§ What to produce: Would you reproduce the whole listing exactly, dropping any pictures it holds?

§ Source material:
++++++++
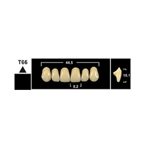 Зубы Yeti A3 T66 фронтальная группа, верхние (Tribos) 6 шт. Германия. Tribos - акриловые зубы нового поколения. Главное достоинство этих зубов - ярко выраженная окклюзионная поверхность моляров, превосходные эстетические качества.
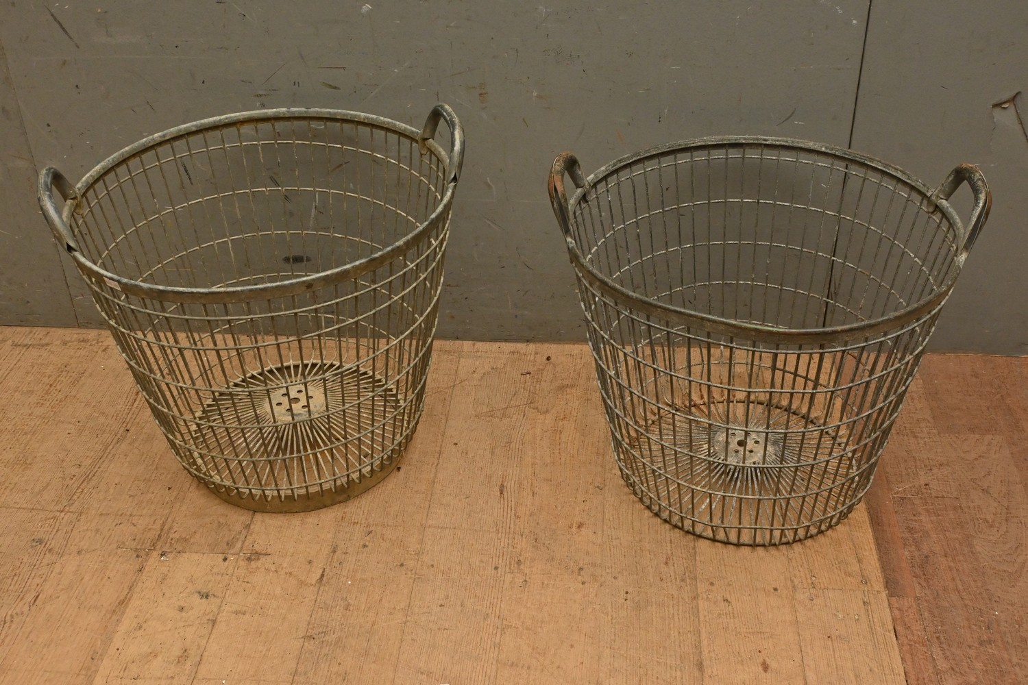 PAIR OF 1900S FRENCH GALVANISED WIRE FORM FRUIT BASKETS (H43 X D48 CM) (LEONARD JOEL DELIVERY SIZE: LARGE)
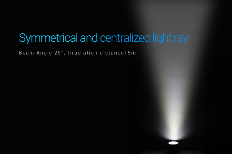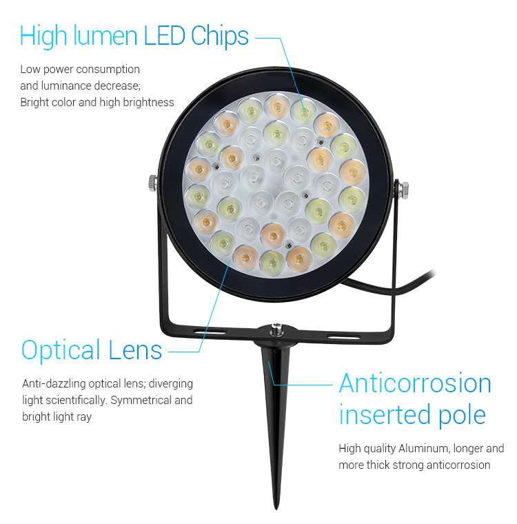 MiLight 25W RGB+CCT Smart LED Garden Light ir dārza prožektors ar IP66 reitingu, 15° gaismas krišanas leņķi, CCT (2700K - 6500K) regulējamu gaismas temperatūru, 2100lm efektivitāti un 2.4GHz WiFi tīkla vadību. Gaismekļa vadībai nepieciešama papildu tālvadības pults, sienas panelis vai arī 2.4GHz Gateway WL-Box1 balss vadībai.
++++++++
§ Output below:
 Зубы Yeti A3 T66 фронтальная группа, верхние (Tribos) 6 шт. Германия. Tribos - акриловые зубы нового поколения. Главное достоинство этих зубов - ярко выраженная окклюзионная поверхность моляров, превосходные эстетические качества.
 PAIR OF 1900S FRENCH GALVANISED WIRE FORM FRUIT BASKETS (H43 X D48 CM) (LEONARD JOEL DELIVERY SIZE: LARGE)
 MiLight 25W RGB+CCT Smart LED Garden Light ir dārza prožektors ar IP66 reitingu, 15° gaismas krišanas leņķi, CCT (2700K - 6500K) regulējamu gaismas temperatūru, 2100lm efektivitāti un 2.4GHz WiFi tīkla vadību. Gaismekļa vadībai nepieciešama papildu tālvadības pults, sienas panelis vai arī 2.4GHz Gateway WL-Box1 balss vadībai.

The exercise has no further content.